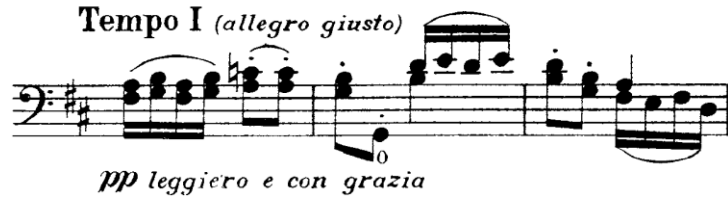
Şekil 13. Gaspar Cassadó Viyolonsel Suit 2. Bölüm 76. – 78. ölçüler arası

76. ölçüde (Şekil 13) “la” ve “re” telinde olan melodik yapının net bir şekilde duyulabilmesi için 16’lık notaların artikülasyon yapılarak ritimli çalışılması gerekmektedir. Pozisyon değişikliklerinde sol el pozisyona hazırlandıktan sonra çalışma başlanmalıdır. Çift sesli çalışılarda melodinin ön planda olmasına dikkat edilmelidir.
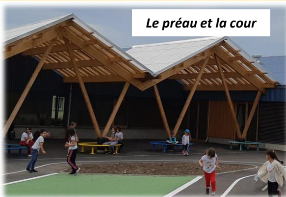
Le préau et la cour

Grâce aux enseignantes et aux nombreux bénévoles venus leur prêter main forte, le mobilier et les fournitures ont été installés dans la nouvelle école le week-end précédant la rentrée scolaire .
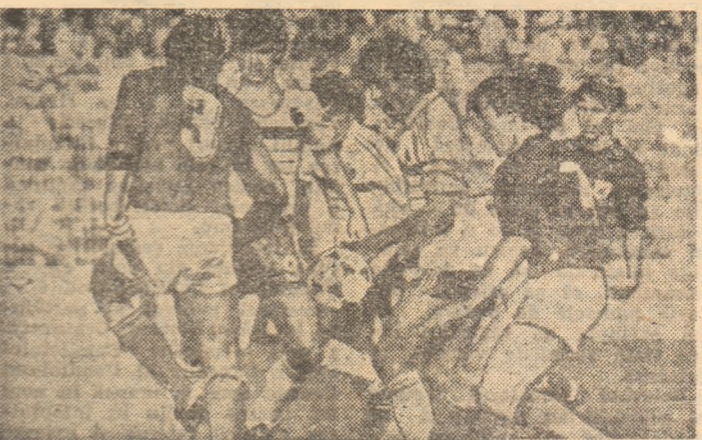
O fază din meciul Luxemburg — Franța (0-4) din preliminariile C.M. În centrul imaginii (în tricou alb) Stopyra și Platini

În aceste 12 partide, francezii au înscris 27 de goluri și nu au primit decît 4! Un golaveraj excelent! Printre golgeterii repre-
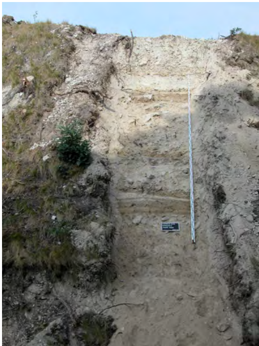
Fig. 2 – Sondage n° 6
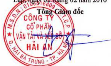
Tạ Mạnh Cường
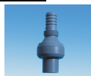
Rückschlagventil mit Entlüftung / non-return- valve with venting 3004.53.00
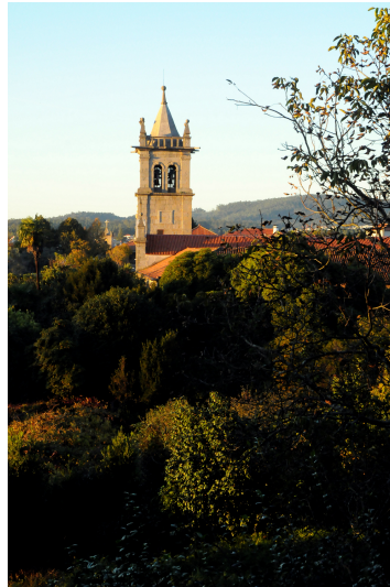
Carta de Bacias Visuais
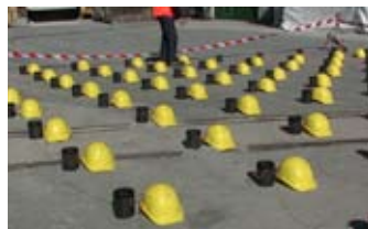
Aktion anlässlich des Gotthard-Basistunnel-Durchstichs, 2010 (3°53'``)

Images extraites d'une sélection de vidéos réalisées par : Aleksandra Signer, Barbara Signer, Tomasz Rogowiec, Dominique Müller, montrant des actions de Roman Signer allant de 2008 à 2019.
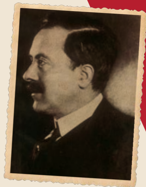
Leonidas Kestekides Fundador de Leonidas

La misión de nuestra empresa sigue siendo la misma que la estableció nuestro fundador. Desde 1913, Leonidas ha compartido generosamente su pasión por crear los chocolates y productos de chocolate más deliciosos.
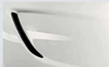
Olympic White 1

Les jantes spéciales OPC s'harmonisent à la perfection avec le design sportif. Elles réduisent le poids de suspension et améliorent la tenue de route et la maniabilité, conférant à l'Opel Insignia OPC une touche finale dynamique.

PROMPT:
For each line of the material that contains the word "Şekil", make a copy.

SOLUTION FOR THIS PROBLEM:
Şekil 13. Gaspar Cassadó Viyolonsel Suit 2. Bölüm 76. – 78. ölçüler arası
76. ölçüde (Şekil 13) “la” ve “re” telinde olan melodik yapının net bir şekilde duyulabilmesi için 16’lık notaların artikülasyon yapılarak ritimli çalışılması gerekmektedir. Pozisyon değişikliklerinde sol el pozisyona hazırlandıktan sonra çalışma başlanmalıdır. Çift sesli çalışılarda melodinin ön planda olmasına dikkat edilmelidir.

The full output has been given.